§ **About this task**: I need an exact copy of the lines from the one containing "中国军网北京6月2日电 据全" through the end of the records, without any pictures.

___ Raw data ___

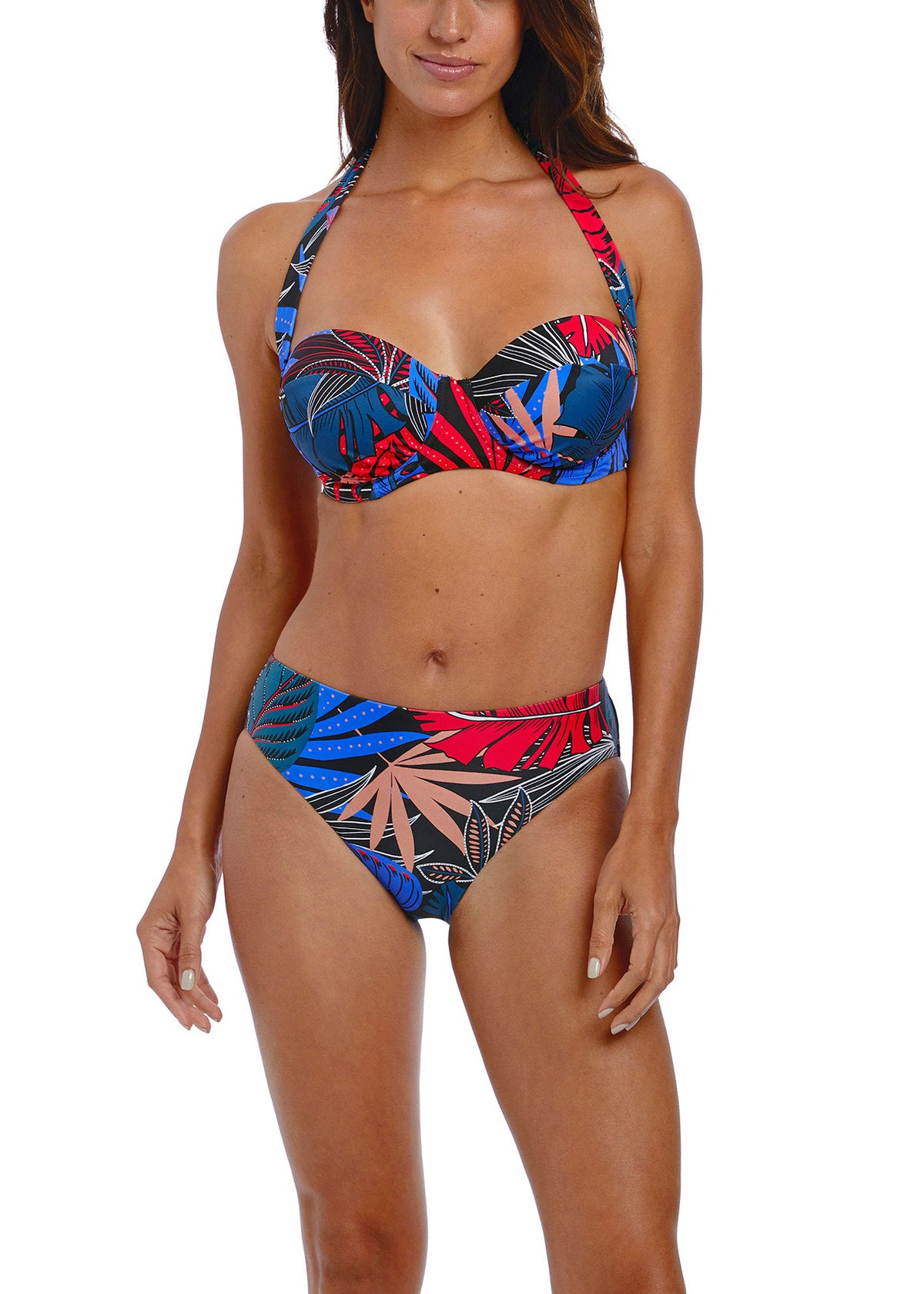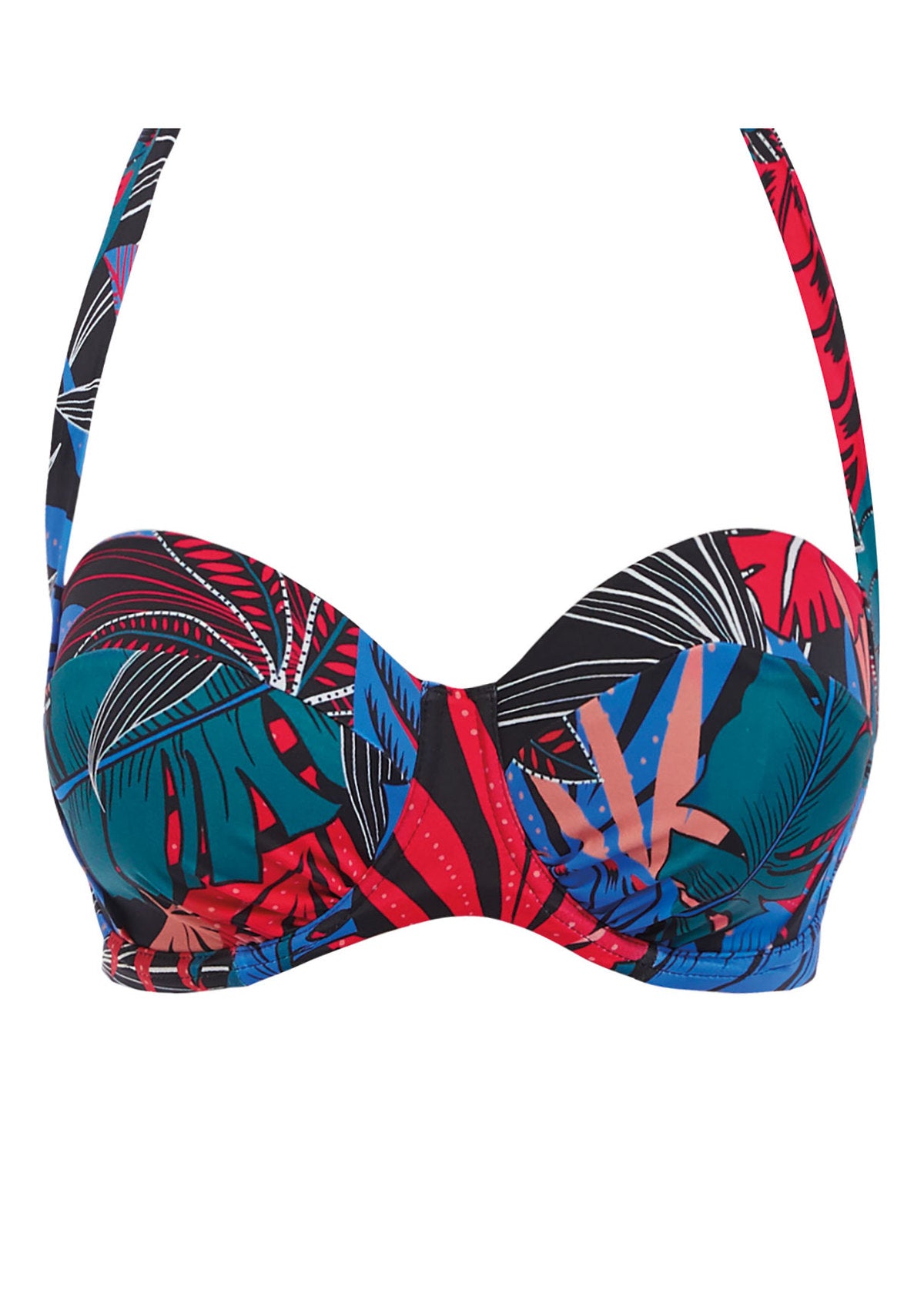 Uncover Fantasie’s Monte Cristi Bandeau Bikini Top, making the perfect holiday accompaniment giving your look a splash of colour, crafted from an exotic botanic print fabric. The Bandeau offers support with a smooth foam cup and is complete with wide multiway ties that can be worn a number of ways, from strapless to halter to an on-trend crossover style.
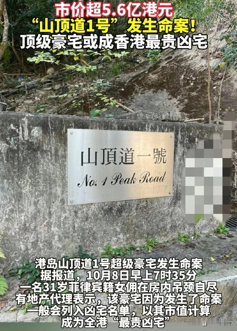 31岁女菲佣在富商张松桥豪宅内上吊自杀,豪宅或成凶宅,曾经是金庸旧居 曾志强先生曾说,所有的豪宅都守不住。香港有钱人非常迷信,更何况买得起这种房子的人屈指可数,很难出手的,金字塔塔尖就那些人而已。麻烦了,这保姆是发生什么事害这户人家 香港蔡天凤碎尸案那栋房子更惨,房东都倒霉死了,一辈子都不可能再住人了。上海那个杀妻的那栋楼都没有人敢住,邻居能搬都搬了,也没有人敢买,这种房子没有人敢住。
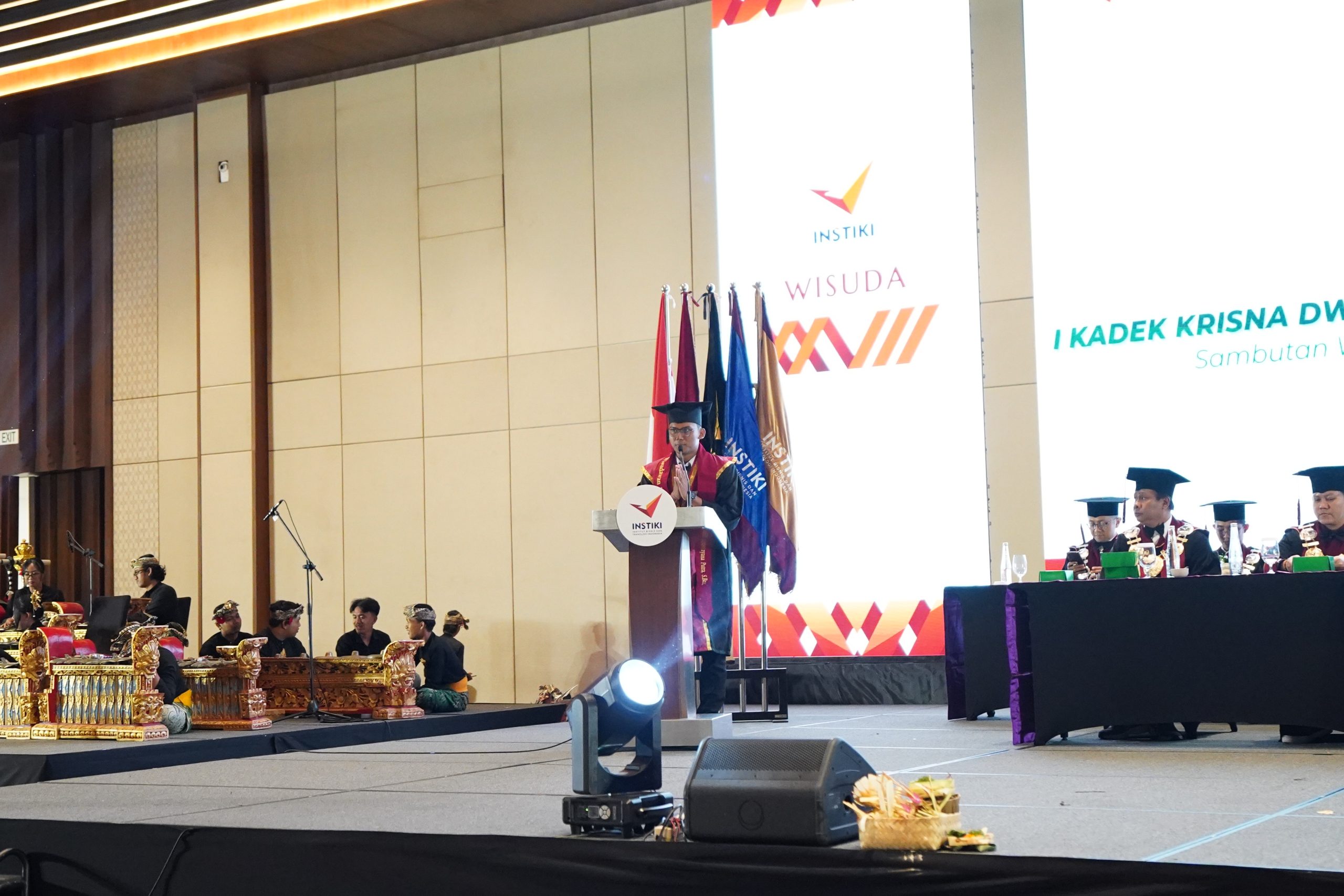 Dalam sambutannya, Rektor INSTIKI menegaskan bahwa wisuda merupakan titik awal untuk berkontribusi di tengah masyarakat.
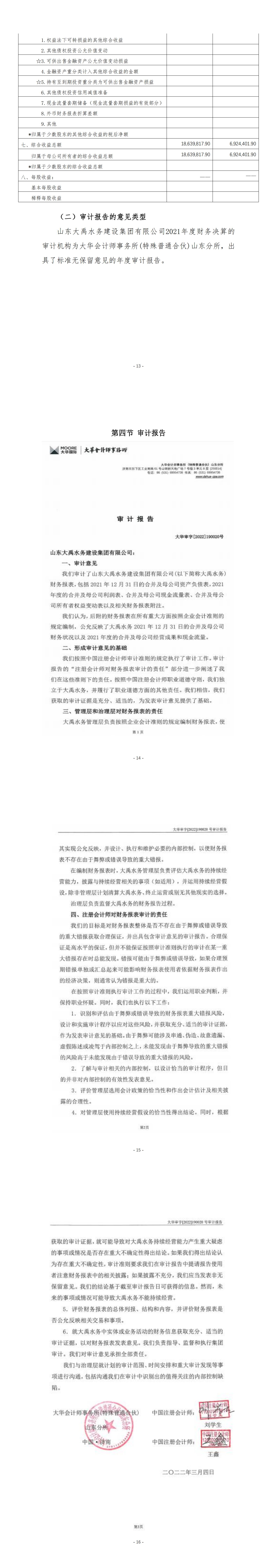 山東大禹水務建設集團有限公司2021年度財務重大信息公告
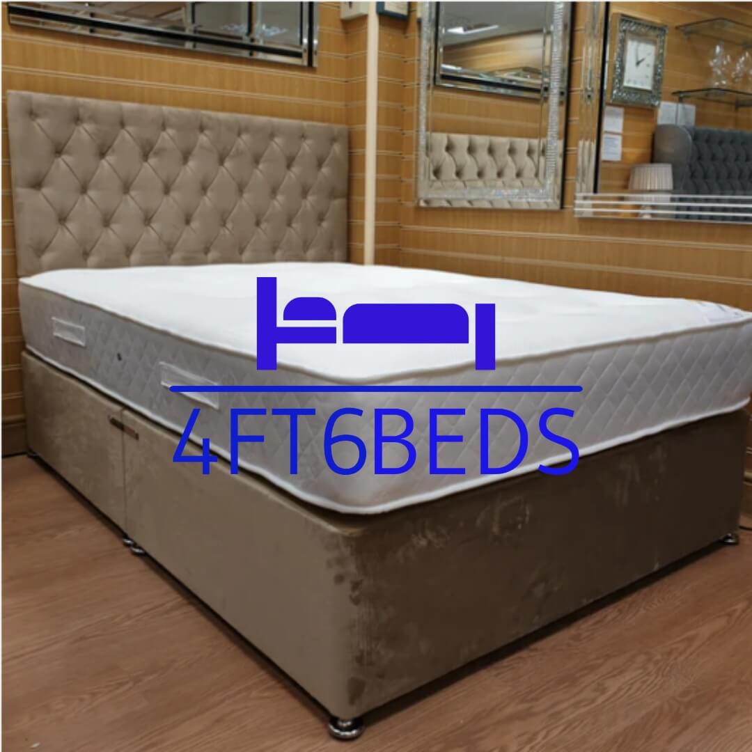 Add glam to any bedroom with a traditional divan bed finished with a tall 54″ deep padded diamante encrusted chesterfield headboard.
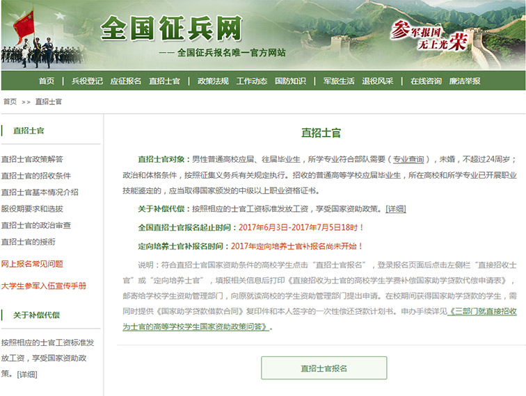 中国军网北京6月2日电 据全国征兵网消息,全国直招士官报名从2017年6月3日正式开始,2017年7月5日18时截止。
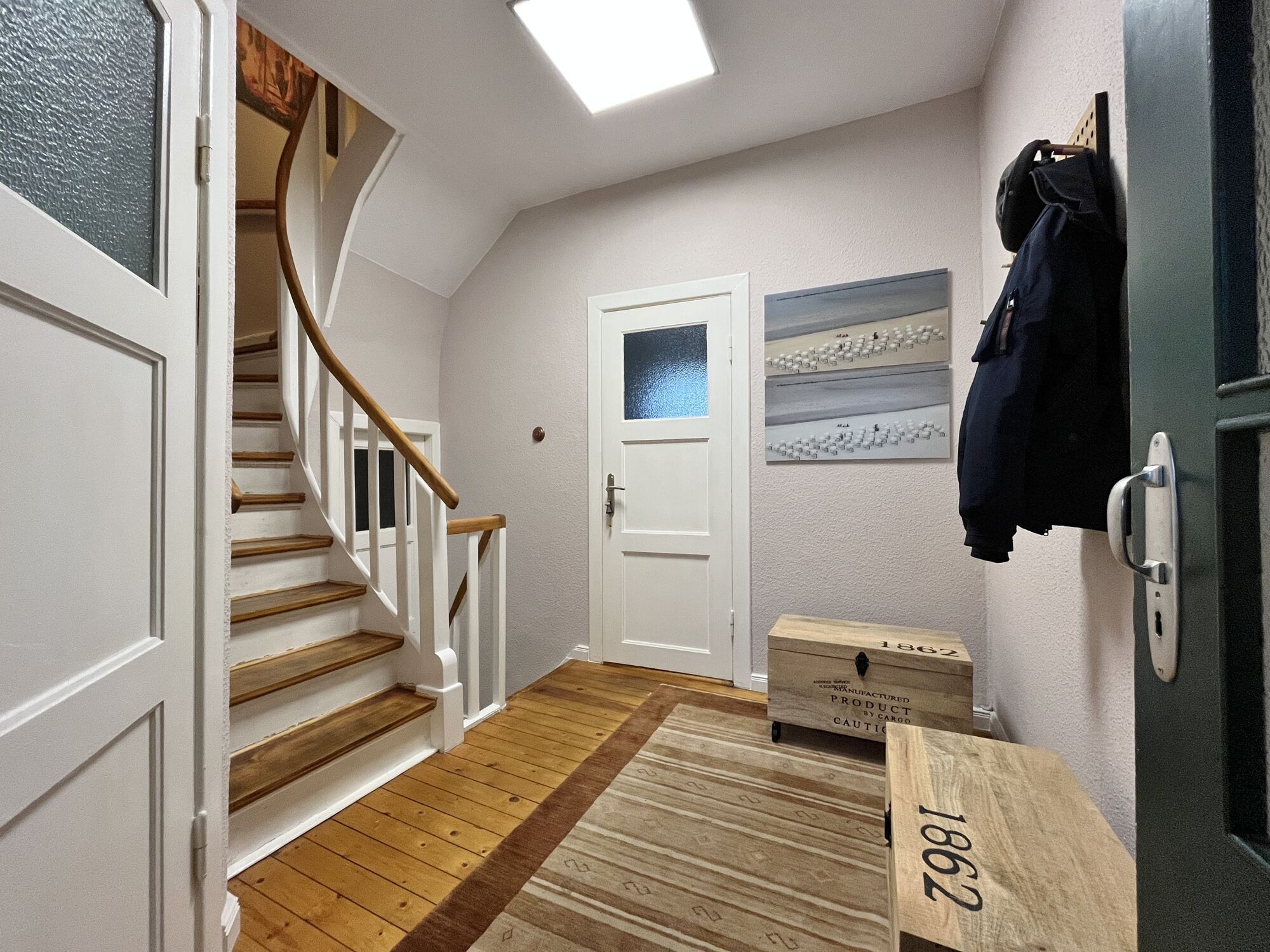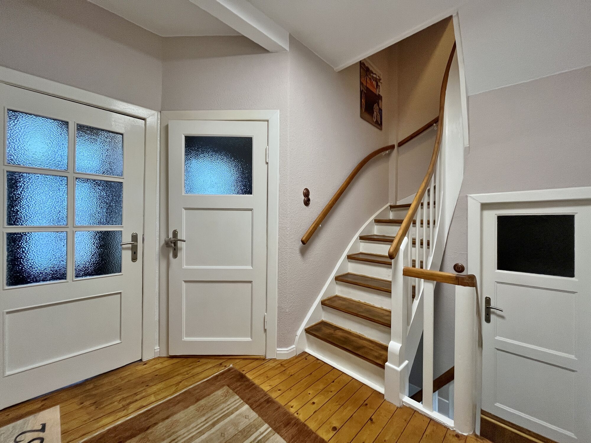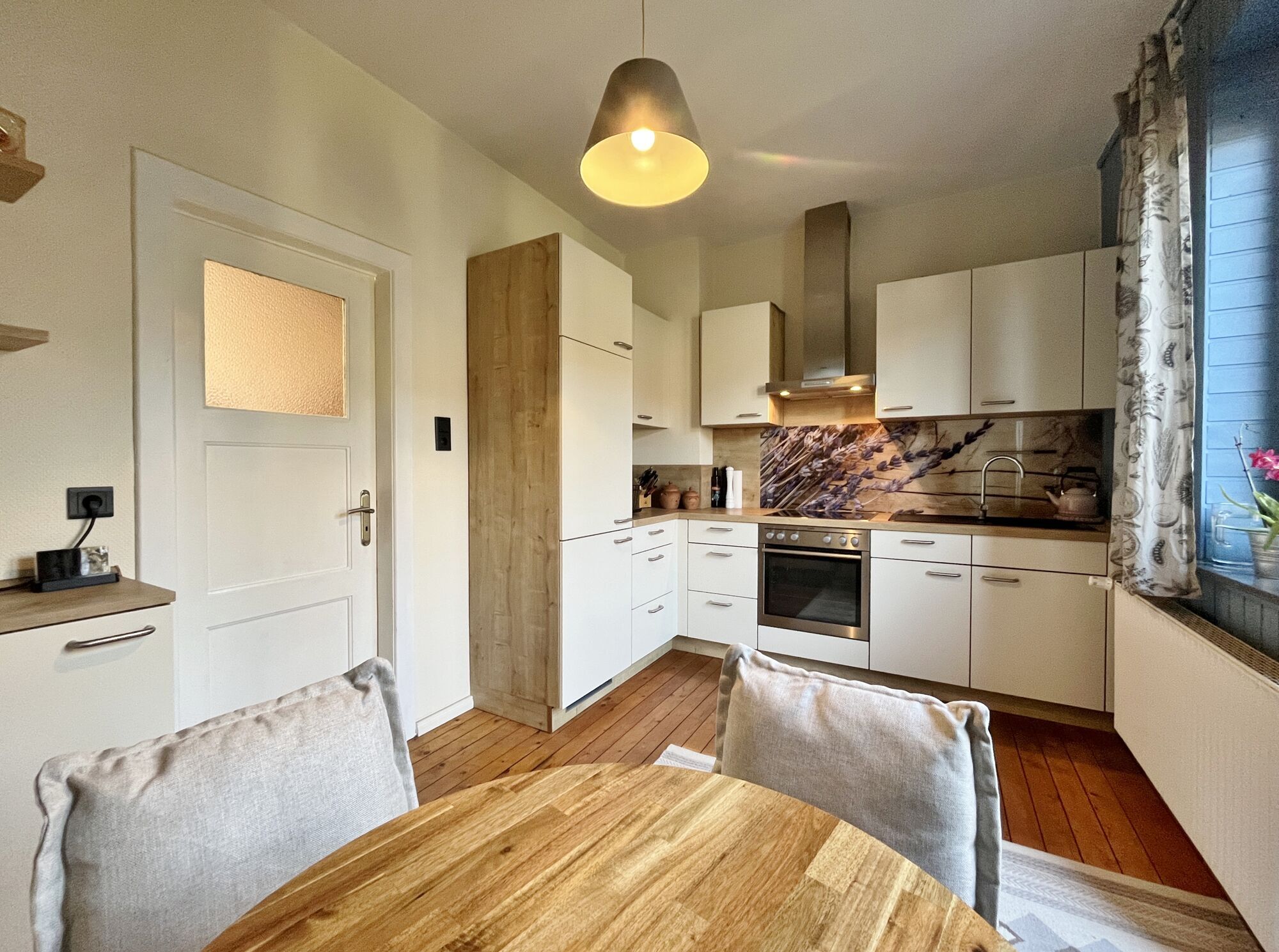 - Holzdielenboden im Flur und Küche

___

§ **Solution for this task**:
 中国军网北京6月2日电 据全国征兵网消息,全国直招士官报名从2017年6月3日正式开始,2017年7月5日18时截止。
 - Holzdielenboden im Flur und Küche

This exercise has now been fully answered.